Boom. “…need you to come in and make a statement." Tears are streaming down my cheeks. “You there, mate?" I draw a shuddering breath. “I...I mean, are you sure? I was going to meet her folks next week—" The cop laughs explosively. “-Aw, sorry mate, I’m not laughing at you. It’s just that we’ve been after this girl for a long time, and some of the bullshit stories she’s been telling... Her folks are dead, mate. Died when Wollongong got stomped.” BOOM. “So when’d you reckon you could come in and make a statement?” With the car out of commission, I beg a lift. “Sure, mate. Well get someone over tomorrow.” A pause. “By the way—I know this is a personal question, but...you have been sleeping with her, I s’pose?” “Yes?” “Okay. Look, ah, you should get an AIDS test.” I can’t think of anything to say. BOOM. The room trembles as I hang up the phone. My heart pounds, breath coming in short, sharp gasps. Numbness grips me, adrenalin icing my veins. I feel light-headed and weak. The room seems to fade, patchy contrasts of light and shade pressing in, muffling the outside world. BOOM! A dull shriek pierces the fog. The window darkens. Helicopters buzz angrily overhead. The smell of alien flesh and petroleum combines to nauseating effect. I loved her. Only three weeks, but... And now— It hits without warning, like a tsunami. Rage. White heat burns my face. I stagger, trying to scream, choking as my mouth fills with spittle. I want to tear the room apart. I want to crush, destroy, kill. Until everything lies in ruin. Until the pain goes away. But the rage is too great; I writhe impotently under its
weight, unable to move, unable to breathe— BOOM! The impact releases me. Shrieking my hatred, I run to the door, slam it open, pound down the stairs to the street and out into the middle of the road. I stand there, shaking uncontrollably, mucus bubbling from my eyes, nose and mouth: the Hulk in trendy clubwear, roaring defiance at this shitheap of a world, fists clenched, ready to lay waste to all before me. “Come on, you bastards! Come on! Come on, I'll kill you, you bastards! Arryhhhhhh!" The Beastie looms over me, unconcerned, perhaps not even aware, as if I were a bug underfoot. The thought enrages me beyond all reason. I scream again, ready to sink my nails into reptilian flesh— This, I suddenly realize, is the ’Beasties’ secret.
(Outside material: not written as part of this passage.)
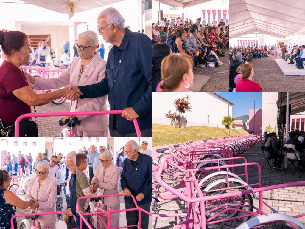 La presidenta del Sistema DIF Nayarit, doctora Beatriz Estrada Martínez, y su esposo, el gobernador del estado, Miguel Ángel Navarro Quintero, realizaron la entrega de triciclos de carga a 130 familias de 18 municipios de la entidad, una acción que fortalece el autoempleo y respalda el esfuerzo diario de quienes buscan generar ingresos propios y mejorar su calidad de vida.
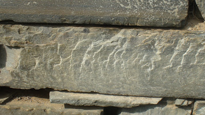 Foliation is shown in the picture below. Folding within these beds were a secondary feature most likely caused from the Alleghenian orogeny. These tectonic events took place approximately 325 – 260 Mya when Africa slammed into North America. The collision formed a huge mountain chain that rivaled the Himalayan Mountain Range exerting massive stress that caused tilting and fracturing and folding. What remains of these mountains is explained in my Thoroughfare Gap blog here http://whattherockstellus.blogspot.com/2012/04/thoroughfare-gap-va.html

Rage. Raw emotion, providing power enough to move monsters through time and space, to fuel rampages through brick and mortar and steel, to shield against the arsenals of humankind, the agonies of everyday life— I grin savagely, glaring upwards, arms thrown wide in open challenge. “Have a go, you bastard! Come on, have a go! I’ll rip your bloody head off! Come on—do your fucking worst!” A mighty foot descends, blotting out the world.